__Task brief__. Everything from the line containing "地球規模の気象変化により頻発" through the end of the data below should be copied exactly, with no other lines.
:: Task inputs
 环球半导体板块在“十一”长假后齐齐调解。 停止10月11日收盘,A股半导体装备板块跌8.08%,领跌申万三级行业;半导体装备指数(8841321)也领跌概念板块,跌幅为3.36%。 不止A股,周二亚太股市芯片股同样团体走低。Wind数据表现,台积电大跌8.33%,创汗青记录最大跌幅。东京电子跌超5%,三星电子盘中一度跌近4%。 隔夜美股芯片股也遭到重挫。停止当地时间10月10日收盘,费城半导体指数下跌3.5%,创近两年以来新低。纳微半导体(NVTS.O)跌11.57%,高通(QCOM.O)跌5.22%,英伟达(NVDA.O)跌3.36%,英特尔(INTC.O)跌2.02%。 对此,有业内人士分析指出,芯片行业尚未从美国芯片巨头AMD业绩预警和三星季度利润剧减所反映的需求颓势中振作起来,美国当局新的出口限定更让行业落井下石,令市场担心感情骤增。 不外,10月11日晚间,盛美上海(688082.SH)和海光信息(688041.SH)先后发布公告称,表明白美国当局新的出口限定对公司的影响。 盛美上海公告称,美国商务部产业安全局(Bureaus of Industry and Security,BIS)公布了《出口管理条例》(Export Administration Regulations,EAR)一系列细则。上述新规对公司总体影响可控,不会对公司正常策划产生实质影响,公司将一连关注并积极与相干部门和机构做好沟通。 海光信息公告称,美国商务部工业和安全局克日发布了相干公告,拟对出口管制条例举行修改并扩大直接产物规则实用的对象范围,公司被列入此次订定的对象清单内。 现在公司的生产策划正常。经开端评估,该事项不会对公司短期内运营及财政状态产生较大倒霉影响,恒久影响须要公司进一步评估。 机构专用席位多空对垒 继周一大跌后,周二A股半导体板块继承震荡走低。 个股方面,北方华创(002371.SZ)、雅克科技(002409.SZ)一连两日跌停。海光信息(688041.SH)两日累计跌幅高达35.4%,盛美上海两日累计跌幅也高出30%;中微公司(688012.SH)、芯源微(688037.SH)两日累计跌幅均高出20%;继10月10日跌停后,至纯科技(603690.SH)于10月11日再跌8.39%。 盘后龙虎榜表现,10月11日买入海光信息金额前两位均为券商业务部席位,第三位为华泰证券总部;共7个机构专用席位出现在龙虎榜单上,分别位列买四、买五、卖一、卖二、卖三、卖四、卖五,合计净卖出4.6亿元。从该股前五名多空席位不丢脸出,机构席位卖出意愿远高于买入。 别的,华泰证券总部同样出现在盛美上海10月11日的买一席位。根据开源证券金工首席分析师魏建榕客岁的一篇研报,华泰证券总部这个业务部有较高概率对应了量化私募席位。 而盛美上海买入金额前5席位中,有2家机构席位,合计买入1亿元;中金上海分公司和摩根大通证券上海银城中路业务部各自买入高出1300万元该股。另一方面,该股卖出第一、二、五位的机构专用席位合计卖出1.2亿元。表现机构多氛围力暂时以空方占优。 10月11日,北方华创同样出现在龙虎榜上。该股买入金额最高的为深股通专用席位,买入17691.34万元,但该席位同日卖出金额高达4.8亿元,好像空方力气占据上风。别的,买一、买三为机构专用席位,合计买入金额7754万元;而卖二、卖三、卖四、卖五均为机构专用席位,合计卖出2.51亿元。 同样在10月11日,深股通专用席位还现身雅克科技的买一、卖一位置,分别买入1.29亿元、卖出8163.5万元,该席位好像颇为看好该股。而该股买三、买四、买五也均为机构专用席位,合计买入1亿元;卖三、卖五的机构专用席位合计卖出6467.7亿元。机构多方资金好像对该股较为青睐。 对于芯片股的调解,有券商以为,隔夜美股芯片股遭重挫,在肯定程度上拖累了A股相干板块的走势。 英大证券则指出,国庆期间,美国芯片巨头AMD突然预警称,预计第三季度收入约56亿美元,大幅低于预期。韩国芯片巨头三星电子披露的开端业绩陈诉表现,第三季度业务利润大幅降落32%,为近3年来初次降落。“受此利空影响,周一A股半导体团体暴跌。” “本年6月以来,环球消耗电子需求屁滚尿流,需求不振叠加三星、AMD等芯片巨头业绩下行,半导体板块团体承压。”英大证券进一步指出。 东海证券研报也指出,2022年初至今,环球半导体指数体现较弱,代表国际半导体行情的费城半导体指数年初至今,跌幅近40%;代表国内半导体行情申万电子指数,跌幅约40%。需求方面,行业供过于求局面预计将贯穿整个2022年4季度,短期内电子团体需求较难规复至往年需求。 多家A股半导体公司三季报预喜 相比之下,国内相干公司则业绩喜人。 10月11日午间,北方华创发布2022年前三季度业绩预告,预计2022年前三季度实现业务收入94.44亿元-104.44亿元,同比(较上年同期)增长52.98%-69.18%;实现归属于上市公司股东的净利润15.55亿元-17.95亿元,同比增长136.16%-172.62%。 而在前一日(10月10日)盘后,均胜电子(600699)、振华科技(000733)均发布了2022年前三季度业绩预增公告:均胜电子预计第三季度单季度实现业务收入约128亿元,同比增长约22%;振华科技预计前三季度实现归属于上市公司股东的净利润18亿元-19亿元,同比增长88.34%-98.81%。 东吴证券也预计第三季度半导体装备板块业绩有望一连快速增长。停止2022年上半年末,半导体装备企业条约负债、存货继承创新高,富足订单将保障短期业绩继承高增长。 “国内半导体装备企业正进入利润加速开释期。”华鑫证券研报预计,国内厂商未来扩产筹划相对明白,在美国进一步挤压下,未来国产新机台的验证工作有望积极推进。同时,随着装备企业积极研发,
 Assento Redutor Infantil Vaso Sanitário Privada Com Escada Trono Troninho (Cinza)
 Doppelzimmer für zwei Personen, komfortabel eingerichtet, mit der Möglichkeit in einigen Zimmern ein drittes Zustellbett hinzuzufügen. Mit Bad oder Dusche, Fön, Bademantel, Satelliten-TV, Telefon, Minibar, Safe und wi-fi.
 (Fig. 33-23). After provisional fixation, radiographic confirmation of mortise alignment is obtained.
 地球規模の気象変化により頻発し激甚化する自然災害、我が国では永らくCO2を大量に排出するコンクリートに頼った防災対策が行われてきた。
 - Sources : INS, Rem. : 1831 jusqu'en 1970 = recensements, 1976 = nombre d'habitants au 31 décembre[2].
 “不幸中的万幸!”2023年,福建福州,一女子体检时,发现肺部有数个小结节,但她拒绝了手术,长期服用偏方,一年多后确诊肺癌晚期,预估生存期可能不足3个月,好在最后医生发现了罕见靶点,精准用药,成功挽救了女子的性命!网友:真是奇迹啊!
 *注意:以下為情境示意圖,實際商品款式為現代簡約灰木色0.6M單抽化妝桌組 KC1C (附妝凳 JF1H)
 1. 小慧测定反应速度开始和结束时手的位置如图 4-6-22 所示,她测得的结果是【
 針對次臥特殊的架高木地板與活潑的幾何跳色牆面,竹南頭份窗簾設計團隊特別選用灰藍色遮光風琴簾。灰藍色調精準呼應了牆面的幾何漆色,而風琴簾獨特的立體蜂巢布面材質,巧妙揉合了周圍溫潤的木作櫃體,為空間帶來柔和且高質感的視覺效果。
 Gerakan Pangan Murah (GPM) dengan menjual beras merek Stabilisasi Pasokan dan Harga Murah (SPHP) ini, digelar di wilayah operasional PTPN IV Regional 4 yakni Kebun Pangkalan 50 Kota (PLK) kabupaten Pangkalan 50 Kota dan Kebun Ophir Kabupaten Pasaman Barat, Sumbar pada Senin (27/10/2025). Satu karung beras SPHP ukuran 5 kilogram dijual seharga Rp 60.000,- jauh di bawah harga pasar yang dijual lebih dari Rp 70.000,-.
::::
__Your response__.
 地球規模の気象変化により頻発し激甚化する自然災害、我が国では永らくCO2を大量に排出するコンクリートに頼った防災対策が行われてきた。
 - Sources : INS, Rem. : 1831 jusqu'en 1970 = recensements, 1976 = nombre d'habitants au 31 décembre[2].
 “不幸中的万幸!”2023年,福建福州,一女子体检时,发现肺部有数个小结节,但她拒绝了手术,长期服用偏方,一年多后确诊肺癌晚期,预估生存期可能不足3个月,好在最后医生发现了罕见靶点,精准用药,成功挽救了女子的性命!网友:真是奇迹啊!
 *注意:以下為情境示意圖,實際商品款式為現代簡約灰木色0.6M單抽化妝桌組 KC1C (附妝凳 JF1H)
 1. 小慧测定反应速度开始和结束时手的位置如图 4-6-22 所示,她测得的结果是【
 針對次臥特殊的架高木地板與活潑的幾何跳色牆面,竹南頭份窗簾設計團隊特別選用灰藍色遮光風琴簾。灰藍色調精準呼應了牆面的幾何漆色,而風琴簾獨特的立體蜂巢布面材質,巧妙揉合了周圍溫潤的木作櫃體,為空間帶來柔和且高質感的視覺效果。
 Gerakan Pangan Murah (GPM) dengan menjual beras merek Stabilisasi Pasokan dan Harga Murah (SPHP) ini, digelar di wilayah operasional PTPN IV Regional 4 yakni Kebun Pangkalan 50 Kota (PLK) kabupaten Pangkalan 50 Kota dan Kebun Ophir Kabupaten Pasaman Barat, Sumbar pada Senin (27/10/2025). Satu karung beras SPHP ukuran 5 kilogram dijual seharga Rp 60.000,- jauh di bawah harga pasar yang dijual lebih dari Rp 70.000,-.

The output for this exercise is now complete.